Information shown:
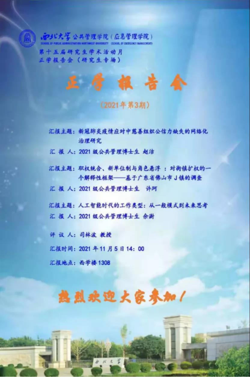 2021年11月5日下午我院举办了本学期第3期研究生学术报告会。2021级公共管理博士生赵洁、2021级公共管理博士生许珂、2021级公共管理博士生余澍主讲,部分研究生旁听了此次报告会。
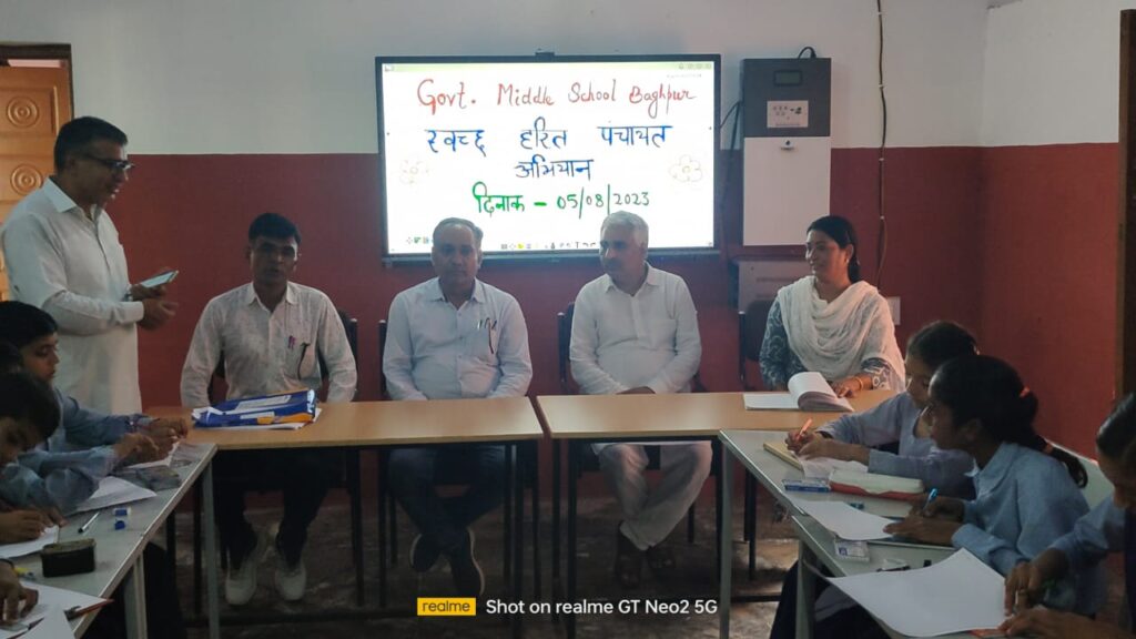 गांव बाघपुर में अभियान के अंतर्गत अपशिष्ट प्रबंधन, स्वच्छता प्रथाओं, स्वच्छ और स्वस्थ वातावरण पर स्कूली बच्चों ने बनाई पेंटिंग
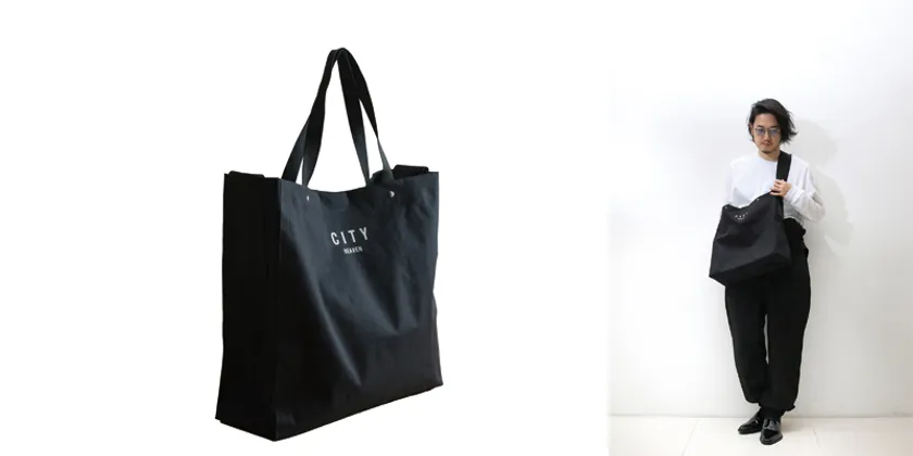ハイセンスなブラックカラーに、分かる人には分かるシティヘブンのロゴ。メイン素材にはどんなファッションにも親和性の高いキャンバスを使用し、内側には万が一飲み物などがこぼれても拭き取れるようPVCコーティングを採用。デザインのアクセントになっている大きめのショルダーストラップはトレンドを押さえて存在感抜群。大きくひらく開口部にはマグネットスナップが内蔵されており開閉はラクラク。さらにインナーポケットは取り外すことができ、流行りのサコッシュとしても使えます。

Activity: Go through the material above and retype every line exactly, without the images.

Exercise result:
 2021年11月5日下午我院举办了本学期第3期研究生学术报告会。2021级公共管理博士生赵洁、2021级公共管理博士生许珂、2021级公共管理博士生余澍主讲,部分研究生旁听了此次报告会。
 गांव बाघपुर में अभियान के अंतर्गत अपशिष्ट प्रबंधन, स्वच्छता प्रथाओं, स्वच्छ और स्वस्थ वातावरण पर स्कूली बच्चों ने बनाई पेंटिंग
ハイセンスなブラックカラーに、分かる人には分かるシティヘブンのロゴ。メイン素材にはどんなファッションにも親和性の高いキャンバスを使用し、内側には万が一飲み物などがこぼれても拭き取れるようPVCコーティングを採用。デザインのアクセントになっている大きめのショルダーストラップはトレンドを押さえて存在感抜群。大きくひらく開口部にはマグネットスナップが内蔵されており開閉はラクラク。さらにインナーポケットは取り外すことができ、流行りのサコッシュとしても使えます。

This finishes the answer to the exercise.